» **PROVIDED MATERIAL**
####################

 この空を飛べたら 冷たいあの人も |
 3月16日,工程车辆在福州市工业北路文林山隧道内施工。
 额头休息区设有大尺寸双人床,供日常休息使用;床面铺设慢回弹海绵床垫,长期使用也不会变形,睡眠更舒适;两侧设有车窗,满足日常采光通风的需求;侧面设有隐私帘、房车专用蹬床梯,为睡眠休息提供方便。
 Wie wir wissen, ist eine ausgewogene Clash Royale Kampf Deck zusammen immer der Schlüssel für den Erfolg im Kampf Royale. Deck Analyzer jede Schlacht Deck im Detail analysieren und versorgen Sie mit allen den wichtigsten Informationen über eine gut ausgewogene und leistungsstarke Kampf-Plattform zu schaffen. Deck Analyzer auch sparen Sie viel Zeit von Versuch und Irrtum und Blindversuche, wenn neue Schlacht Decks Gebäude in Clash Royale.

####################

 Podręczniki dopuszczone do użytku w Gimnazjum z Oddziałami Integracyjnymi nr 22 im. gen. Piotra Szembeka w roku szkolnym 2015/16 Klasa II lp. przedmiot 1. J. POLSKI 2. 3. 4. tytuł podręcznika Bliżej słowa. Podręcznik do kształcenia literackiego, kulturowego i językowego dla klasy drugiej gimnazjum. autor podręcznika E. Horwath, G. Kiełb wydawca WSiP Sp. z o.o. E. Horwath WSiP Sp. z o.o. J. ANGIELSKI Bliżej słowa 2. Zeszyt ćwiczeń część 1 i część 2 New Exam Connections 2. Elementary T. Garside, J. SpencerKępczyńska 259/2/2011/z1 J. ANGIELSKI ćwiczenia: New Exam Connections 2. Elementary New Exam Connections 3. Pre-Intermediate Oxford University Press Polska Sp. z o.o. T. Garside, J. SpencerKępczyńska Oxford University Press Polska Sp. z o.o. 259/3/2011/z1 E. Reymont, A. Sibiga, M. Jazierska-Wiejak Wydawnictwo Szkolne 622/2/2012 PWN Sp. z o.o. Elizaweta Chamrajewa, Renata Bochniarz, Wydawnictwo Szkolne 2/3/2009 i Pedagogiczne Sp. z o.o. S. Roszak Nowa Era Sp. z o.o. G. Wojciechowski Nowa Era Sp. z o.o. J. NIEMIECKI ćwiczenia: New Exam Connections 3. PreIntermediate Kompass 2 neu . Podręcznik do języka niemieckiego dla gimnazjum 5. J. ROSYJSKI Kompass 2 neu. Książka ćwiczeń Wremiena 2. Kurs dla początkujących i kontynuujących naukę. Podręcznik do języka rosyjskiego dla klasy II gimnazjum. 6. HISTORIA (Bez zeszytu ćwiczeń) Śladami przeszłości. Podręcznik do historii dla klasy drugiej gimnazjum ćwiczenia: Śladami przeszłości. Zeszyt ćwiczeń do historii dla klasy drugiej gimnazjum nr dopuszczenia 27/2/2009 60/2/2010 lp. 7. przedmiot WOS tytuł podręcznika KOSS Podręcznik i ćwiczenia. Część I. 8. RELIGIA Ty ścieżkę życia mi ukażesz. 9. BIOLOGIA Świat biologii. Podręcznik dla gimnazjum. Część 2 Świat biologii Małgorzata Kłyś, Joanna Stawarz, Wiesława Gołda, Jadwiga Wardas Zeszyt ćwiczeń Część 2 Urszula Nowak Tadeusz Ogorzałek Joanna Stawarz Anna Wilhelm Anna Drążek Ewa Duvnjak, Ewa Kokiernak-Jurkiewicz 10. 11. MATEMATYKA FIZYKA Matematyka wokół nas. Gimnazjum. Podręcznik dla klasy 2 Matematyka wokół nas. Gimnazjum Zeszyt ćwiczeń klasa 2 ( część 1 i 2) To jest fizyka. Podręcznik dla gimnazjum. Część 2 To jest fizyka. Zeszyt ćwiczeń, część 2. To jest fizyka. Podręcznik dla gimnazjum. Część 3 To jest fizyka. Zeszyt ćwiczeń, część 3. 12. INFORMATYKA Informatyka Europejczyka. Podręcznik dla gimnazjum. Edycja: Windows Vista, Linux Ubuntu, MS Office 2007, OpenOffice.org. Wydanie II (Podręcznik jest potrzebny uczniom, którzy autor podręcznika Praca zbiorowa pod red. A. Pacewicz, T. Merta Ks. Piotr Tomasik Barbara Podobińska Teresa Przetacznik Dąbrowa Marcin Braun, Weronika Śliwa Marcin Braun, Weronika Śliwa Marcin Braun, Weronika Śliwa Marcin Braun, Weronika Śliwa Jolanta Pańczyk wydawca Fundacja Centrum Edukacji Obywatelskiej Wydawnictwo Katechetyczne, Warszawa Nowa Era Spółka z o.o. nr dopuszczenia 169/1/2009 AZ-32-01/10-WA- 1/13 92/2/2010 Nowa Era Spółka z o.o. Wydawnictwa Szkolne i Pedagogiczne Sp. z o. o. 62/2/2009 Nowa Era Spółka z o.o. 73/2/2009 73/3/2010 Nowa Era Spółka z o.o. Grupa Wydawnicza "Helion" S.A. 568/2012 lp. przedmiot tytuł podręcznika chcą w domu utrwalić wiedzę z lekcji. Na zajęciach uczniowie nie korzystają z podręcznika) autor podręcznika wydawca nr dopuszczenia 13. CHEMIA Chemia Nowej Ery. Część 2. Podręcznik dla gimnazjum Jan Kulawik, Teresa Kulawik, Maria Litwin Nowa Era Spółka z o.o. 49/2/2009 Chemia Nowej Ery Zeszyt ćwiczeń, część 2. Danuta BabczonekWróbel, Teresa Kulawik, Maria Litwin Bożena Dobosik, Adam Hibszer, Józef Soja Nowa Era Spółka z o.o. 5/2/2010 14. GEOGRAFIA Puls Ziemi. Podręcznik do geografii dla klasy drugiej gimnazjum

####################

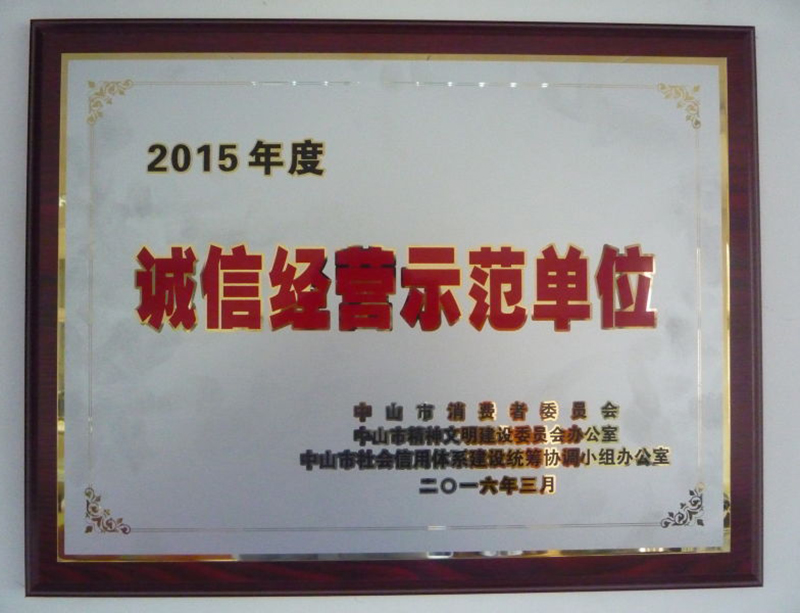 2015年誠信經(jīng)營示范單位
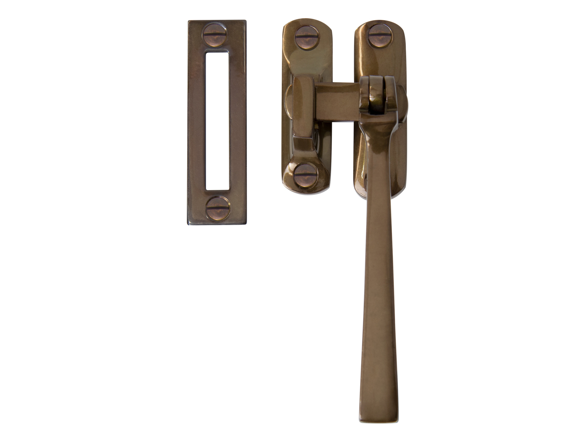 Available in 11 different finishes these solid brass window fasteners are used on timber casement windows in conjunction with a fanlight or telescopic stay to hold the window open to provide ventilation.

####################

» **INSTRUCTIONS TO FOLLOW**
Only the lines above from the one with "3月16日,工程车辆在福州市工业北路文林山隧道内施工。" up to and including the one with "Wie wir wissen, ist" should be repeated, exactly as written.

» **RESPONSE AREA**
 3月16日,工程车辆在福州市工业北路文林山隧道内施工。
 额头休息区设有大尺寸双人床,供日常休息使用;床面铺设慢回弹海绵床垫,长期使用也不会变形,睡眠更舒适;两侧设有车窗,满足日常采光通风的需求;侧面设有隐私帘、房车专用蹬床梯,为睡眠休息提供方便。
 Wie wir wissen, ist eine ausgewogene Clash Royale Kampf Deck zusammen immer der Schlüssel für den Erfolg im Kampf Royale. Deck Analyzer jede Schlacht Deck im Detail analysieren und versorgen Sie mit allen den wichtigsten Informationen über eine gut ausgewogene und leistungsstarke Kampf-Plattform zu schaffen. Deck Analyzer auch sparen Sie viel Zeit von Versuch und Irrtum und Blindversuche, wenn neue Schlacht Decks Gebäude in Clash Royale.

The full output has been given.